Monday, February 21, 2011

He is HERE!!

Wyatt Cory Reynolds

born: Wednesday 02.09.11 time: 3:44 pm weight: 7lbs 15 oz


He's here!! We are so excited to have this little one in our family..he has been such a blessing and everything has just worked out and come together and we are so grateful the Lord knows our needs and sent us this little miracle when he did. I never thought we would have 3 kids and I especially didn't plan to have this one as close to London as we did (20 months). But I have gained such a strong testimony of faith, I can't tell you how many things have fallen into place since we found out we were pregnant. I have spent many nights on my knees begging Heavenly Father to help me understand and help me get through this with my sanity intact. How much I have learned about the way the Lord answers our prayers.

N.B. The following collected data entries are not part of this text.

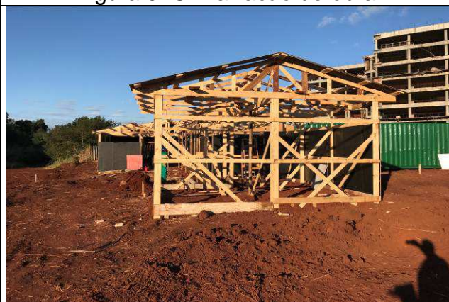
Figura 06C: Barracão de obra - refeitório.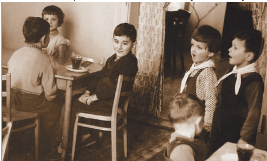
Na počátku šedesátých let byla vybudována jídelna

Začátky nebyly jednoduché, přestože jsem teorii ovládala a snažila jsem se čerpat z různých odborných knih a příruček. Když vzpomínám na léta své praxe dnes, defilují přede mnou řady dětí a já moc lituji, že jsem si nezapsala každým rokem, kolik dětí jsem učila. Myslím si, že by to byla úctyhodná řádka jmen. Logopedická práce je velmi krásná, ale značně obtížná. Když jsem učila správnou výslovnost asi třetím rokem, dlouho se mi nedařilo naučit jednu holčičku hláске ř. Začala jsem zvažovat možnost, že s touto prací skončím, protože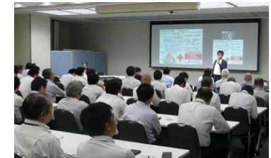
重要課題説明会（本社）

今年度の業務計画に対する職員の理解と関与を強化すべく、業務計画の中でも特に注力すべき重要課題の説明会を実施した（6月8日）。説明会は、TV会議を利用して本社、各発電所および新潟本部合同で開催し、本部長、発電所長をはじめとする各原子力リーダーが、原子力部門を取り巻く事業環境やマネジメントモデルを踏まえた重要課題と、その課題に対する自組織の取り組みを職員に対して直接説明、意見交換を行った。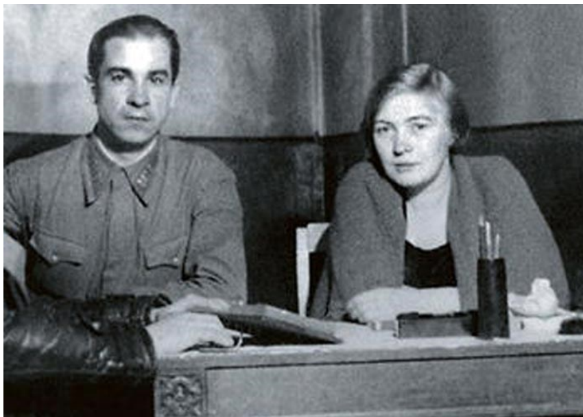
Ольга Берггольц с Георгием Макогоненко

Вера Кетлинская, руководившая в 1941 году ленинградским отделением Союза писателей, вспоминала, как в первые дни войны к ней пришла Ольга – «обаятельный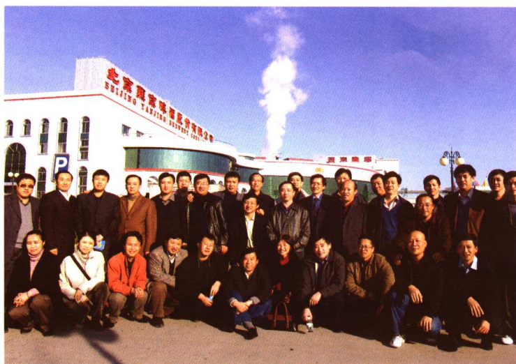
□ 作者在北京燕京啤酒集团举办培训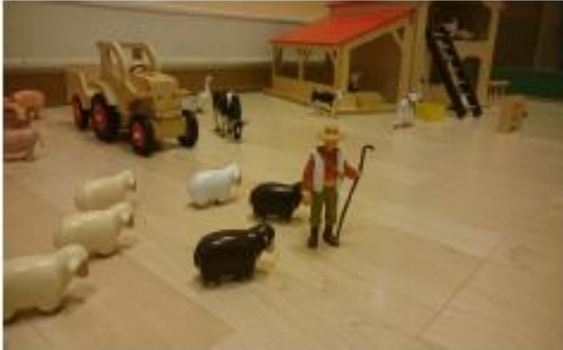
Les animaux de la ferme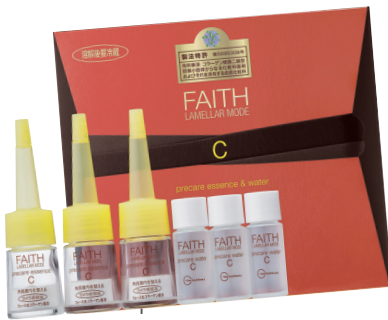
フェース ラメラモード プレケアエッセンス& ウォーターC

青い部分はナノカプセル。生コラーゲンはグリーン三重らせん構造。普通ではお肌に入らないコラーゲンを、塗るだけで角質層に浸透させることが特許です。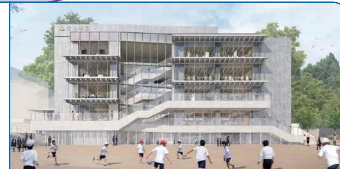
100周年記念事業 新校舎建設(一部) 2028年3月完成予定

学校法人宝仙学園 順天堂大学系属理数インター中学校・高等学校 HOSEN GAKUEN JUNIOR & SENIOR HIGH SCHOOL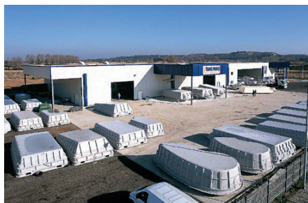
Site de production sur Istres (13) de 5000 m 2 couverts sur 2 hectares de terrain.

A côté de la gamme France Piscines Composites, nous proposons la gamme Axéo Piscines qui comporte 3 modèles à fond plat. Ces modèles sont équipés d'un bloc filtrant à cartouches et l'objectif est d'offrir un concept simple, complet et le tout à un prix très compétitif.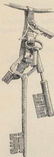
Fig. 91. Wimpfen a. B. Schlüssel der ehemal. Stadthore im Stadtarchiv.

lichen Wimpfener Adler läuft die gothische Minuskel-Randschrift: ſigillum (ecclesiae?) wimpenenſis und die Jahreszahl 1458. (Fig. 90.)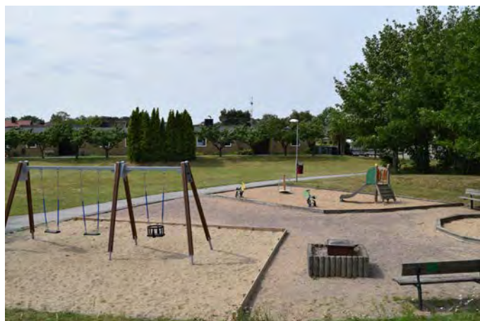
K1 Kungshult lekplats (Hasslerödsvägen)

Målgrupp och storlek: Lekplatsen klassificeras som en närlekplats, men lekutrustningen är inte anpassad för barn upp till 12 år. I dagsläget går utmaning att finna i exempelvis klätterträd. Ny lekutrustning bör locka lite äldre barn.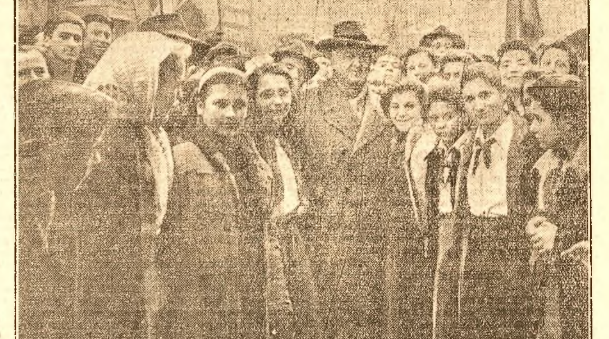
În Jașa secției de votare Nr. 15, din str. Pilar Moș, alegători și pioniere neînjurat cu dragoste pe marele nostru scriitor Mihail Sadoveanu, candidatul lor pentru Statul Popular regional.

La secția de votare nr. 32, au venit gospodinele de pe strada Alunis, unde s'a intr-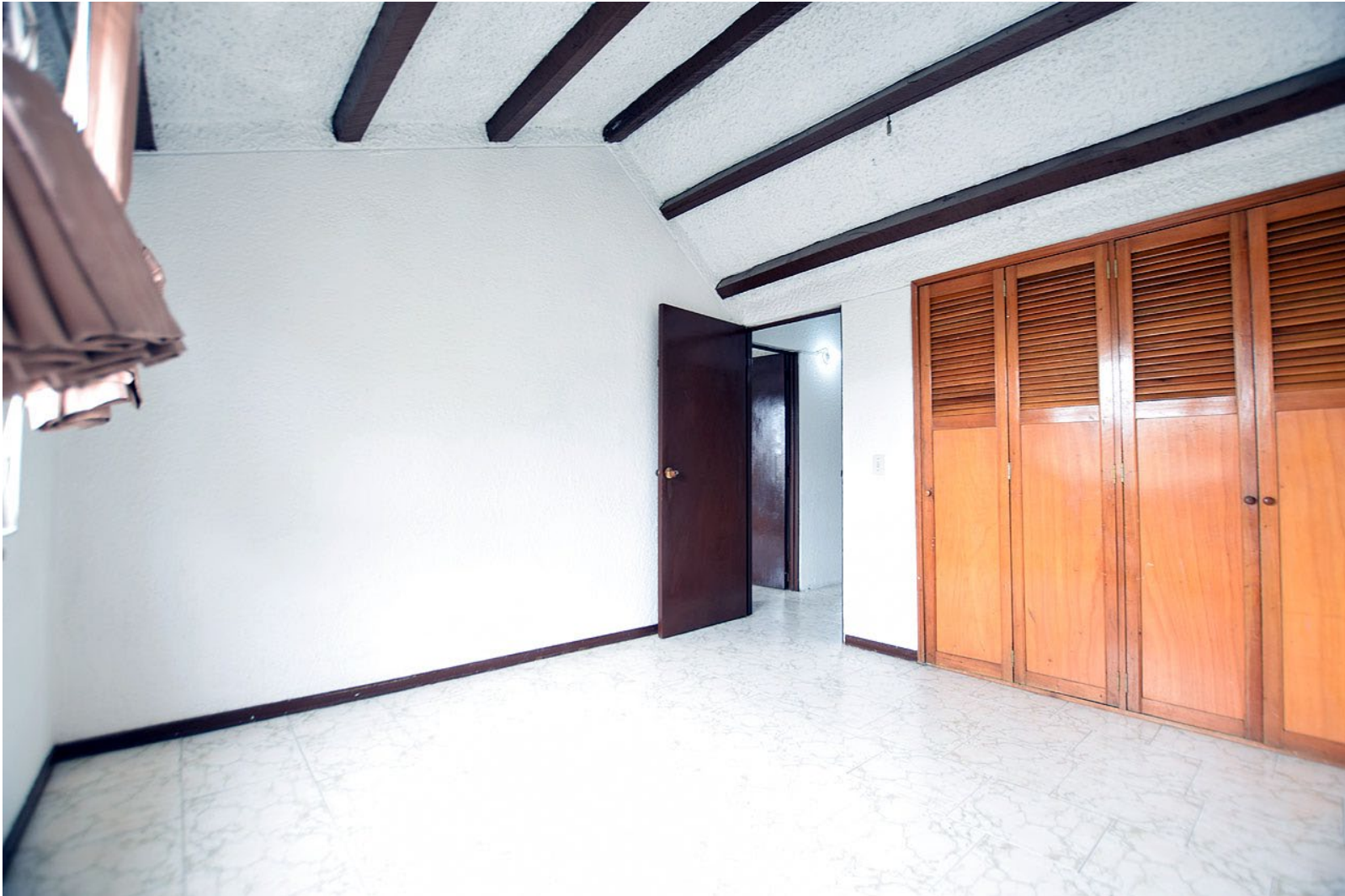
Amplias habitaciones con techos altos y closets completos

He truly knows us and our needs and it makes me think of the song "A Window to his Love" It makes me want to be better, it makes me realize the Lord believes in me as a mom by sending me these precious little people and I have a big responsibility to love and take care of these kids at any cost it is MY job to set an example and teach them right from wrong...."I want to be a doorway to the truth, I want to stand so straight and tall you won't even see me at all."

The Labor story...
I was induced on Wednesday February 9th @ 7:00 in the morning at Jordan Valley Hospital and I got my epideral a couple hours later, didn't feel more than a couple contractions and 6 hours later he ready to come..2 pushes and he was HERE! I bawled when I saw his little body it was SO surreal when they handed him back to me and I remember I just kept repeating "this is so weird to be looking at a baby boy!" Every time I would say it out loud it made me cry harder I was SO excited to have him here and it was the most spiritual experience it makes me tear up thinking about it. How blessed we are to have this boy in our home! All my doubts of having a 3rd child (under 4) went away I know I'm going to have hard days but this boy is supposed to be here. In our family. At this time.